We carry out our work across the 3 levels that make up Comparte:
Network level:
This is the level that connects the social centres of Comparte and drives the actions that bring the network to life and enable its existence (for example, assemblies, training sessions, spaces for reflection and collective construction, exchanges between organisations in the network, etc.).
Social centre level:
These are the social organisations of Comparte, with legal personality, that support producer organisations in developing their economic-productive initiatives. The collective work done at the network level gains meaning when it is applied in a practical, context-specific way at each social centre (for example, the application of Comparte’s methodologies and tools in the economic initiatives that the social centres are supporting in their territories).
Producer organisation level:
This refers to any organised group, supported by a Comparte Social Centre, that develops an economic-productive initiative in one or more phases of the complete economic cycle.
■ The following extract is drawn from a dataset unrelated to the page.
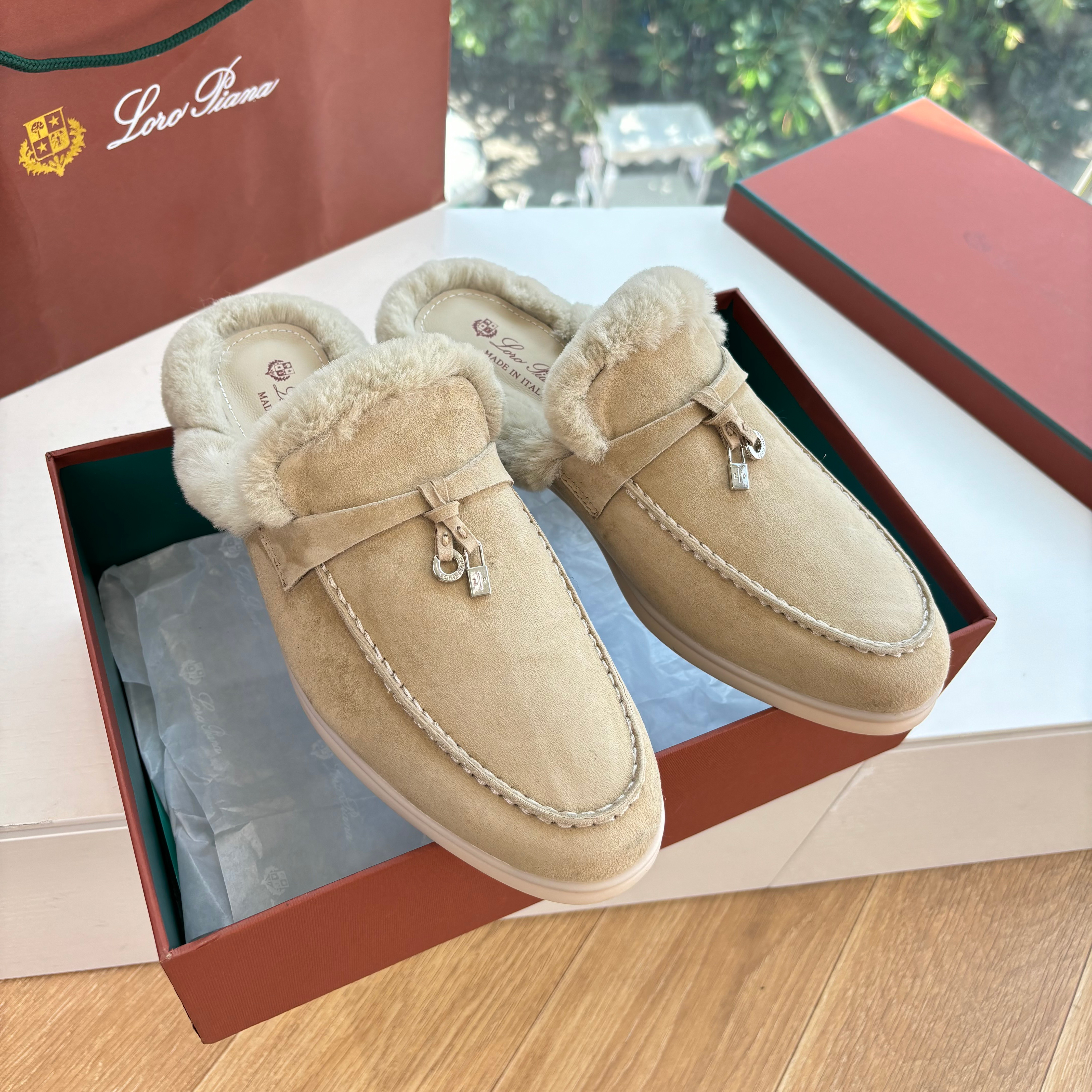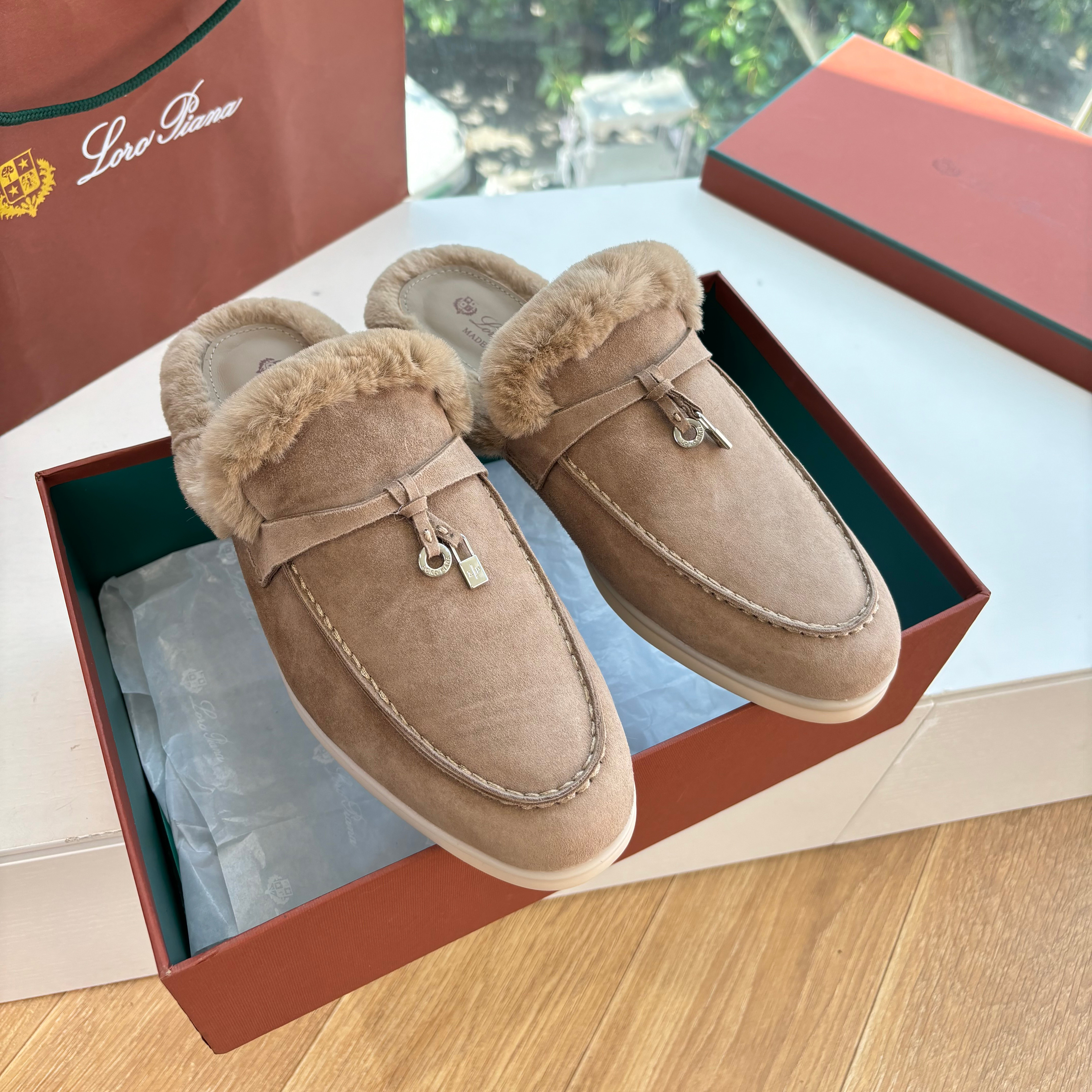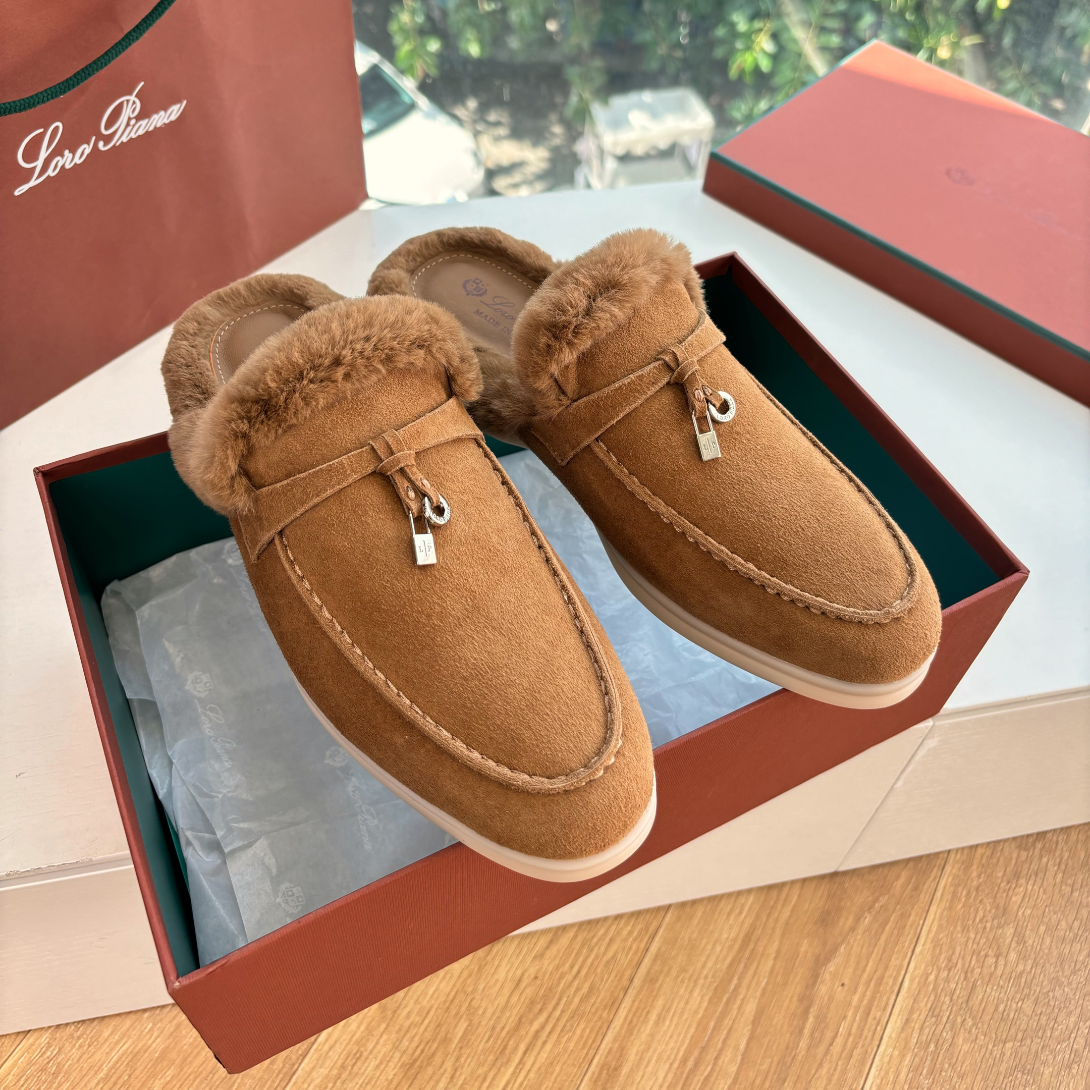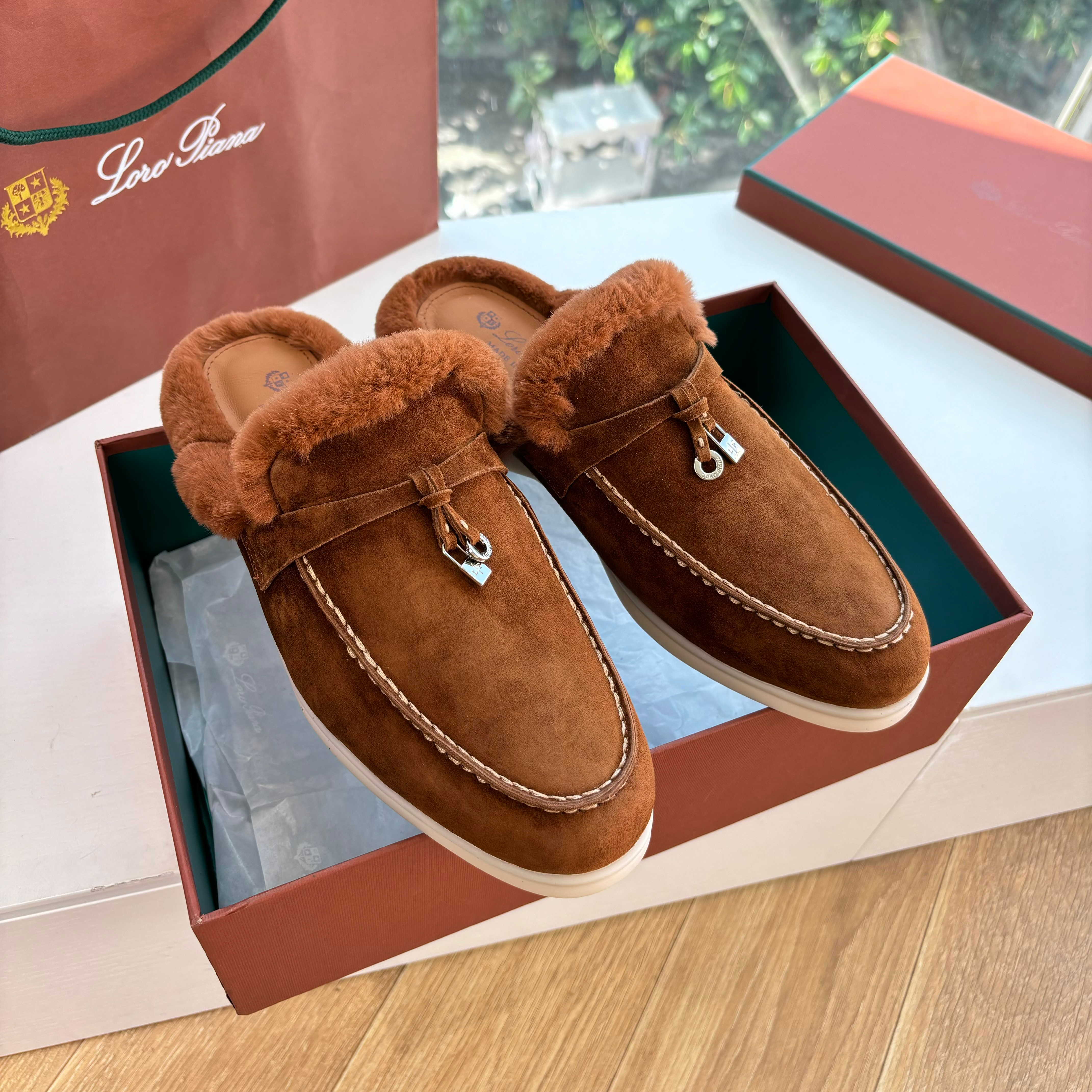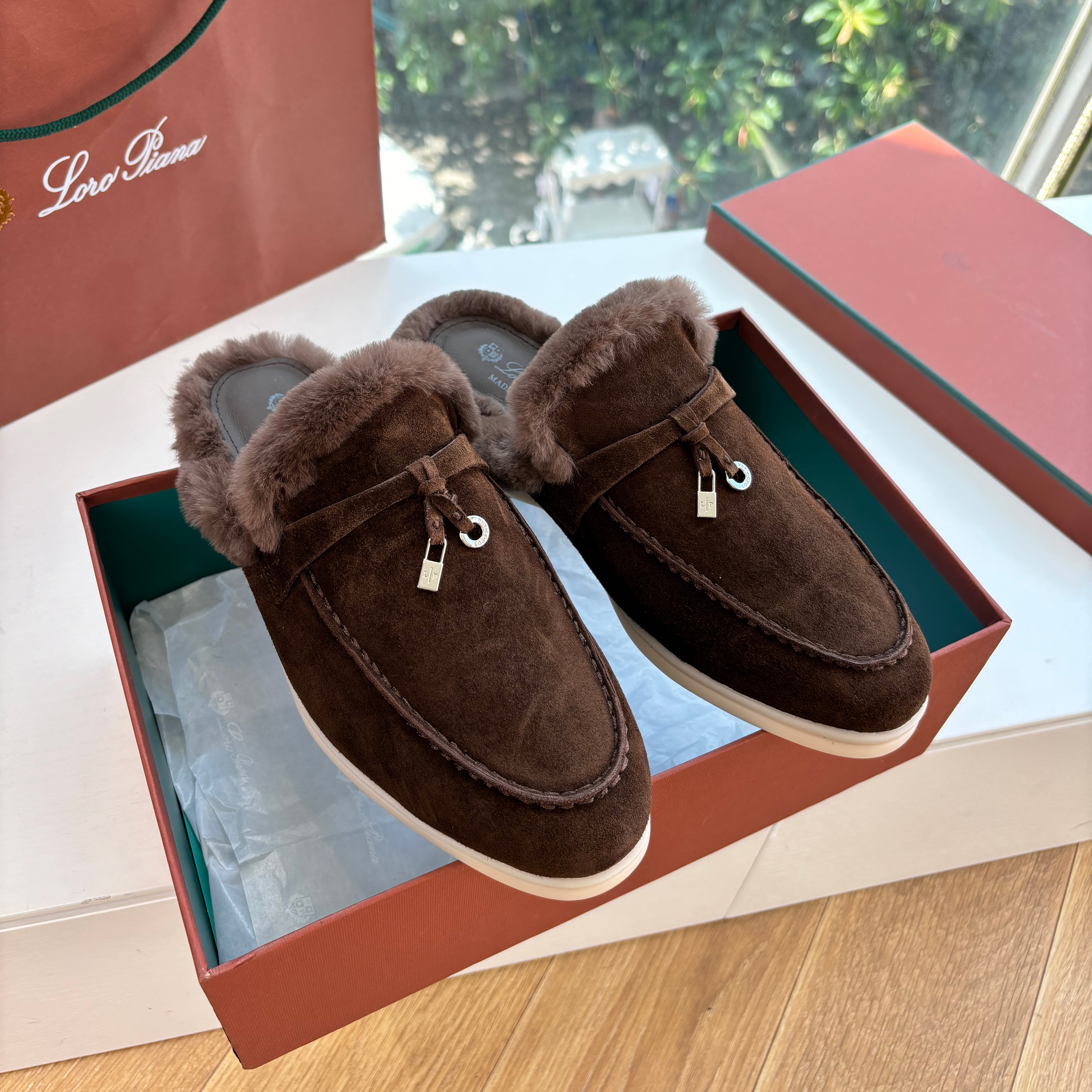 NIGO Loro Piana Women's Autumn/Winter Fashion Casual Suede Round Toe Flat Loafers With Exposed Heels Shoes #nigo78312

These groups may have legal personality (such as cooperatives, social enterprises, etc.) or not (such as associations of producer families, organised groups, etc.).
As a third-level organisation, we focus our work primarily on the network level and the member social centres, seeking to ensure that actions at both levels lead to improvements in the producer organisations and their economic-productive initiatives. With our understanding of the real-world context, we firmly believe in the transformative power that alternative economic-productive initiatives offer to excluded people and communities.